# How is this done?



## Seffers93 (Jan 7, 2021)

Hey guys, 

I always wonder how this look is achieved. I’ve tried looking it up but I’m probably not using the proper vocabulary to find the answers I’m after.

I’m wondering how they keep the high portion of the blade (toward the spine) dark. Is it just left from grinding after forging and heat treat? Or is it like a San mai that has a more etch-reactive steel on the outer layer?

Just curious. Thanks in advance!


----------



## TB_London (Jan 7, 2021)

It’s normally referred to as kurouchi or forged finish. 
When you heat the metal to forging temperatures the metal oxidises to form forge scale. If you don’t grind this off in subsequent steps it remains and can protect the knife to a degree from rusting.

Relies on the maker forging the blade to shape and then grinding less, and most blacksmiths would rather forge than grind so is better to maker.


----------



## Nemo (Jan 7, 2021)

Yup, Kurochi in Japanese; Blacksmith's Finish in English.

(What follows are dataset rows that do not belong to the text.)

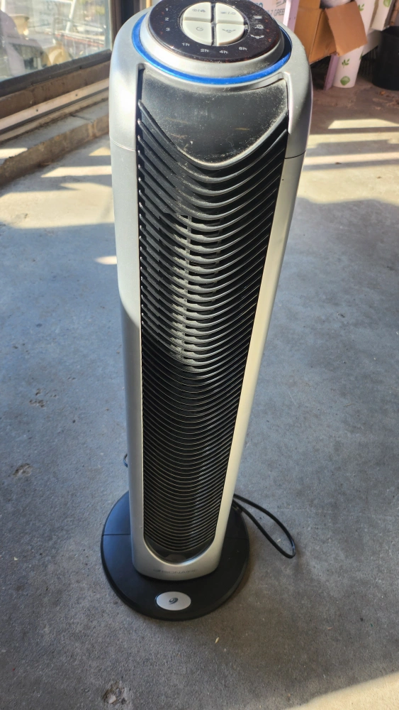 Keep cool this summer with a Bionaire tower fan! This model is the BT3813BS-CN and it's perfect for circulating air in any room. It uses only 36W of power and has a thermal protection feature for safety. It's in good working condition and ready to help you beat the heat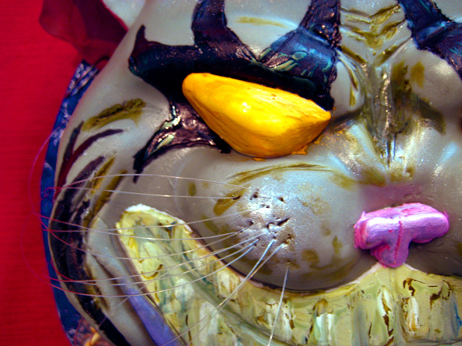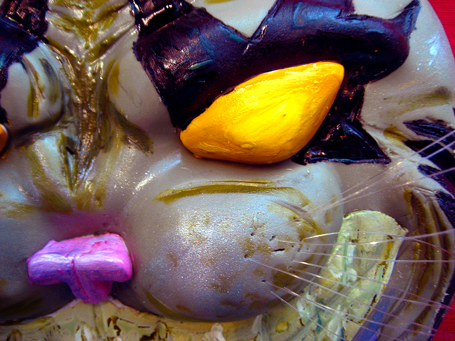 From the get-go, I knew I wanted to use fishing line for the cat’s whiskers. It worked splendidly! I cut small identical lengths of fishing line and shoved them into the cat’s cheeks and voila! Whiskers. I thought they looked pretty realistic.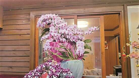 林先生告诉新快报记者,蝴蝶兰性喜高温、多湿和半阴环境,多自然生长在低海拔热带和亚热带丛林的树干上。他的团队通过控温、控湿技术把控蝴蝶兰的开放状态和花期长度。林先生店铺内陈列的蝴蝶兰大多已盛放超过一个月,记者看到大辣椒、牛魔王、红龙等品种开得明艳动人。林先生介绍,只要气候适宜,这类A级蝴蝶兰的花期可达四五个月。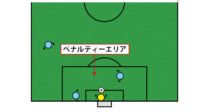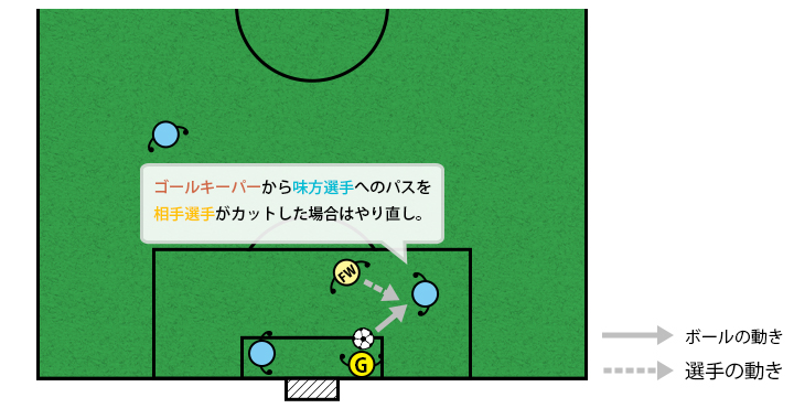 ボールがインプレーになるまでは相手の選手はペナルティーエリア外にいなければなりません。インプレーになる前に中にいた場合はゴールキックのやり直しとなります。
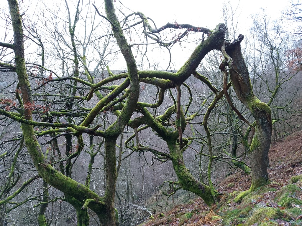 The photo is of knarled oak trees that cover a river source near the Woodhead Pass area of Dark Peak, a river that eventually goes on to help form the infamous river Mersey.

When the steel is heated to austenising temperatures (circa 750 celcius), the surface steel oxidises and looks like this. Chemically, I guess it's a bit like a super patina. All knives are 'born' like this (unless heat treated in an anoxic environment) but most have it ground off during finishing.


----------



## Nemo (Jan 7, 2021)

I should add, that this finish can be mimicked by the use of blueing compunds (which are basically strong acids that force a strong patina). Real kurochi tends to be textured (unless partially ground down) While blued fake kurochi is smooth.


----------



## Seffers93 (Jan 7, 2021)

TB_London said:


> It’s normally referred to as kurouchi or forged finish.
> When you heat the metal to forging temperatures the metal oxidises to form forge scale. If you don’t grind this off in subsequent steps it remains and can protect the knife to a degree from rusting.
> 
> Relies on the maker forging the blade to shape and then grinding less, and most blacksmiths would rather forge than grind so is better to maker.





Nemo said:


> Yup, Kurochi in Japanese; Blacksmith's Finish in English.
> 
> When the steel is heated to austenising temperatures (circa 750 celcius), the surface steel oxidises and looks like this. Chemically, I guess it's a bit like a super patina. All knives are 'born' like this (unless heat treated in an anoxic environment) but most have it ground off during finishing.



Thanks for the info! Good to know!


----------



## Jesse Killion (Jan 8, 2021)

Theres a way to get some of the pitting as well, if that is what you are looking for. If you use cold bluing on the blade and then put the knife into bleach, while the cold bluing is still wet, it will give some of that pitting effect. I would recommend doing this process outside as I'm pretty sure the gases put off by this are not all that good for you.


----------